Pictures should be omitted from your copy. Everything else in the entries below must be restated word for word.

DATA =
= Beginning of Section =
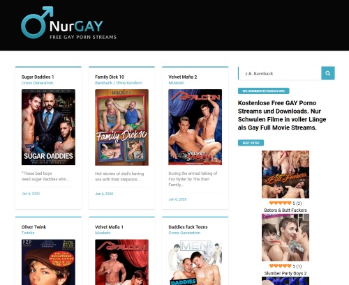 NurGay - это порнокаталог лучших релизов DVD и сцен в мире гей-порно. Но вместо того, чтобы продавать порно, он предлагает его бесплатно. На этом сайте вы найдете рекомендации по всем видам гей-порно от лучших студий современности. Каждая рекомендация сопровождается кратким описанием производства, из которого вы можете узнать все о фильме, который собираетесь посмотреть, прежде чем начать его просмотр или скачивание. Потоковое воспроизведение и загрузка не осуществляются на этом сайте. Вместо этого к каждому фильму прилагается несколько ссылок для просмотра и скачивания, где вы можете найти полнометражный фильм бесплатно. Если одна ссылка не работает, всегда есть еще три или четыре. Описания фильмов также позволяют узнать больше о горячих парнях, выступающих перед камерой, и о режиссере, создавшем фильм. Хотя сайт выглядит так, как будто он не предлагает много возможностей для просмотра, контент хорошо промаркирован, и вы можете использовать строку поиска для поиска любой категории или перегиба, который вы хотите посмотреть. На сайте есть все: от соло твинки до групповухи, ролевые фильмы и табуированные семейные фантазии, и даже множество гей BDSM действий.
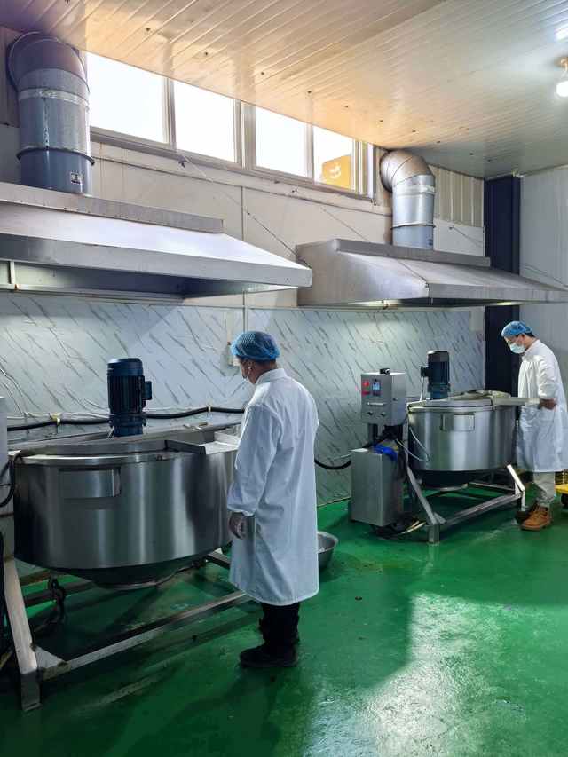穿上洁净的工服、经过风淋消毒后,记者踏入标准化生产车间,一场关于“安全与匠心”的探秘之旅就此展开。车间内,不锈钢的生产设备锃亮如新,自动化流水线有序运转,每一个操作环节都有严格的规范。在原料预处理区,工人们正戴着手套分拣辣椒,挑去品相不佳的果实;另一侧的炒料车间里,老师傅正盯着智能温控设备,调整着锅中酱料的熬制温度。
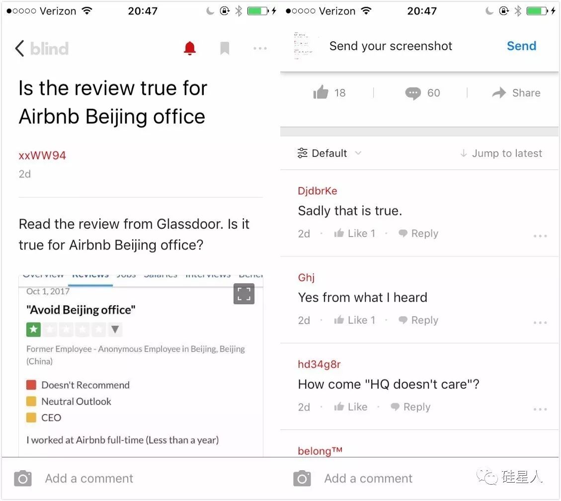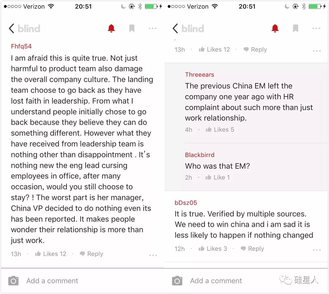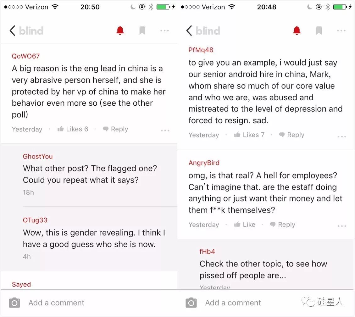 Blind 是硅谷很流行的一个匿名职场社区,只有用公司后缀邮箱才能注册,而且只有本公司的人才能看到。根据内部人士向硅星人提供的Blind 截图,有员工把 Glassdoor 里的截图发到了Blind 上,询问是否属实。
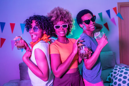 Three happy multi-ethnic friends partying at night with colorful neon light in the house
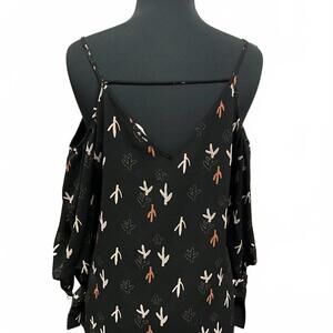 Soprano relaxed fit black blouse with neutral cactus print. Cold shoulder with ties at 3/4 sleeve. Size L
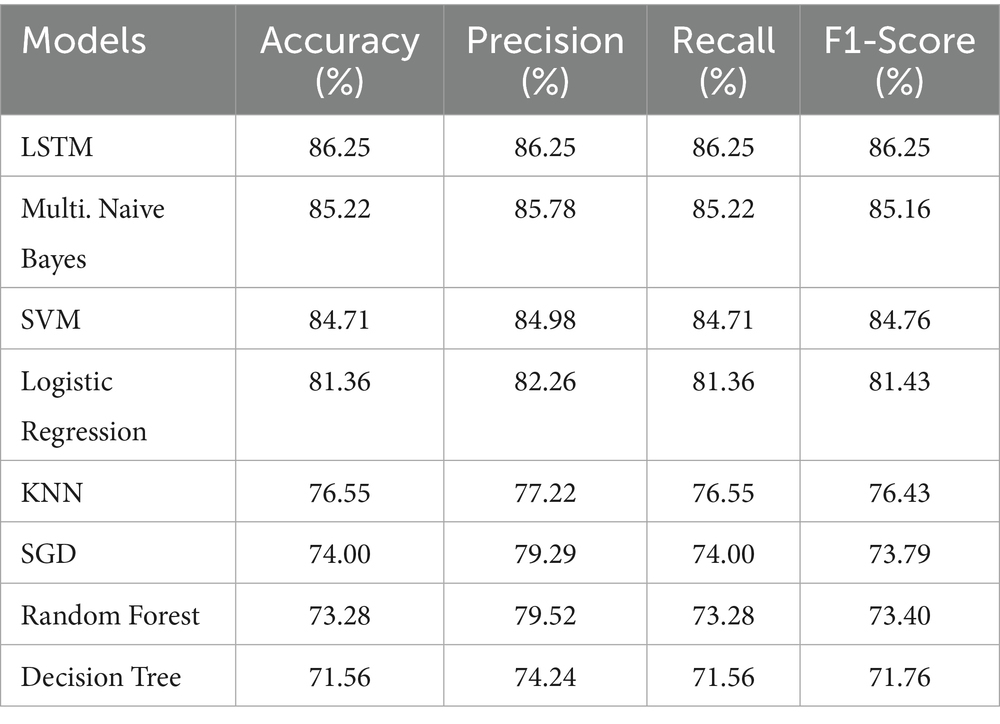 Table 6 shows the comparison of performance by ML models with LSTM. Among the ML models, Multi. Naive Bayes did a good performance with 85.22% accuracy. The best model among the DL and ML models is LSTM, which is the top performer. SVM also performed well, almost matching Naive Bayes. Logistic Regression also delivered a strong performance. However, the other models exhibited some issues. The precision was higher than the accuracy and other metrics. Table 7 shows the performance of BERT models, XLM-Roberta base outperformed with an accuracy of 91.38%. Here, the best two performing models are the XLMRoberta Base and Multilingual BERT, with an accuracy of 91.38 and 87.64%. But the DistilBERT’s performance was poor, infect very poor. Reason is that DistilBERT is trained on English data (Wikipedia + BookCorpus) only. Since, it’s not pre-trained on Bengali data or multilingual data, tokenization mismatched for Bengali text. DistilBERT is not familiar with Bengali vocabulary, this led to not understanding the tokens, thus giving this poor performance.
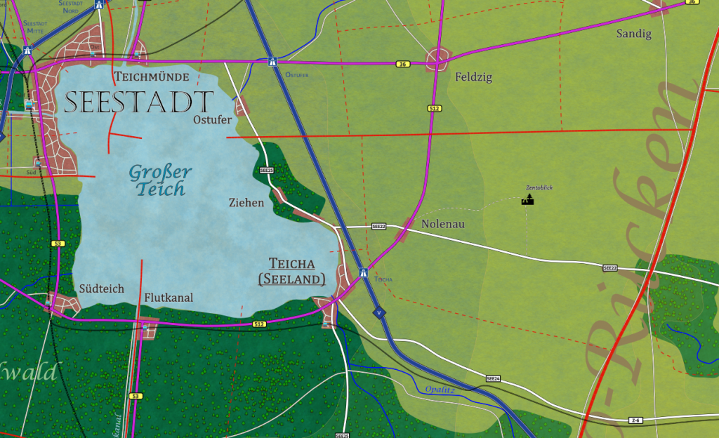 Nolenau liegt höher als der Große Teich, auf 169 Metern, an der Stelle, wo die Landschaft beginnt, sich zum Zento-Rücken zu heben. Das Dorf selbst besteht aus wenigen Höfen, die locker um eine dreieckige Grünfläche gruppiert sind. In ihrer Mitte steht eine Linde, deren Äste so tief hängen, dass Kinder sich im Sommer darunter verstecken und Erwachsene den Kopf einziehen müssen, wenn sie den schmalen Trampelpfad unter dem Baum benutzen. Bänke stehen im Schatten, ein hydrantrotes Pumpengehäuse neben einem Sandkasten, der zwar offiziell für die Kinder ist, aber genauso gut als Ablage für Einkaufstaschen taugt. An dieser Grünfläche kreuzen sich die wichtigsten Wege: die Dorfstraße, die als B512 weiter nach Teicha führt, der Ziehener Weg (SEE22) und der schmale Fahrweg, der als Nolenauer Höhe den Hang hinauf zur Alten Wacht zieht.
= End of Section =
RESULT =
 NurGay - это порнокаталог лучших релизов DVD и сцен в мире гей-порно. Но вместо того, чтобы продавать порно, он предлагает его бесплатно. На этом сайте вы найдете рекомендации по всем видам гей-порно от лучших студий современности. Каждая рекомендация сопровождается кратким описанием производства, из которого вы можете узнать все о фильме, который собираетесь посмотреть, прежде чем начать его просмотр или скачивание. Потоковое воспроизведение и загрузка не осуществляются на этом сайте. Вместо этого к каждому фильму прилагается несколько ссылок для просмотра и скачивания, где вы можете найти полнометражный фильм бесплатно. Если одна ссылка не работает, всегда есть еще три или четыре. Описания фильмов также позволяют узнать больше о горячих парнях, выступающих перед камерой, и о режиссере, создавшем фильм. Хотя сайт выглядит так, как будто он не предлагает много возможностей для просмотра, контент хорошо промаркирован, и вы можете использовать строку поиска для поиска любой категории или перегиба, который вы хотите посмотреть. На сайте есть все: от соло твинки до групповухи, ролевые фильмы и табуированные семейные фантазии, и даже множество гей BDSM действий.
穿上洁净的工服、经过风淋消毒后,记者踏入标准化生产车间,一场关于“安全与匠心”的探秘之旅就此展开。车间内,不锈钢的生产设备锃亮如新,自动化流水线有序运转,每一个操作环节都有严格的规范。在原料预处理区,工人们正戴着手套分拣辣椒,挑去品相不佳的果实;另一侧的炒料车间里,老师傅正盯着智能温控设备,调整着锅中酱料的熬制温度。
 Blind 是硅谷很流行的一个匿名职场社区,只有用公司后缀邮箱才能注册,而且只有本公司的人才能看到。根据内部人士向硅星人提供的Blind 截图,有员工把 Glassdoor 里的截图发到了Blind 上,询问是否属实。
 Three happy multi-ethnic friends partying at night with colorful neon light in the house
 Soprano relaxed fit black blouse with neutral cactus print. Cold shoulder with ties at 3/4 sleeve. Size L
 Table 6 shows the comparison of performance by ML models with LSTM. Among the ML models, Multi. Naive Bayes did a good performance with 85.22% accuracy. The best model among the DL and ML models is LSTM, which is the top performer. SVM also performed well, almost matching Naive Bayes. Logistic Regression also delivered a strong performance. However, the other models exhibited some issues. The precision was higher than the accuracy and other metrics. Table 7 shows the performance of BERT models, XLM-Roberta base outperformed with an accuracy of 91.38%. Here, the best two performing models are the XLMRoberta Base and Multilingual BERT, with an accuracy of 91.38 and 87.64%. But the DistilBERT’s performance was poor, infect very poor. Reason is that DistilBERT is trained on English data (Wikipedia + BookCorpus) only. Since, it’s not pre-trained on Bengali data or multilingual data, tokenization mismatched for Bengali text. DistilBERT is not familiar with Bengali vocabulary, this led to not understanding the tokens, thus giving this poor performance.
 Nolenau liegt höher als der Große Teich, auf 169 Metern, an der Stelle, wo die Landschaft beginnt, sich zum Zento-Rücken zu heben. Das Dorf selbst besteht aus wenigen Höfen, die locker um eine dreieckige Grünfläche gruppiert sind. In ihrer Mitte steht eine Linde, deren Äste so tief hängen, dass Kinder sich im Sommer darunter verstecken und Erwachsene den Kopf einziehen müssen, wenn sie den schmalen Trampelpfad unter dem Baum benutzen. Bänke stehen im Schatten, ein hydrantrotes Pumpengehäuse neben einem Sandkasten, der zwar offiziell für die Kinder ist, aber genauso gut als Ablage für Einkaufstaschen taugt. An dieser Grünfläche kreuzen sich die wichtigsten Wege: die Dorfstraße, die als B512 weiter nach Teicha führt, der Ziehener Weg (SEE22) und der schmale Fahrweg, der als Nolenauer Höhe den Hang hinauf zur Alten Wacht zieht.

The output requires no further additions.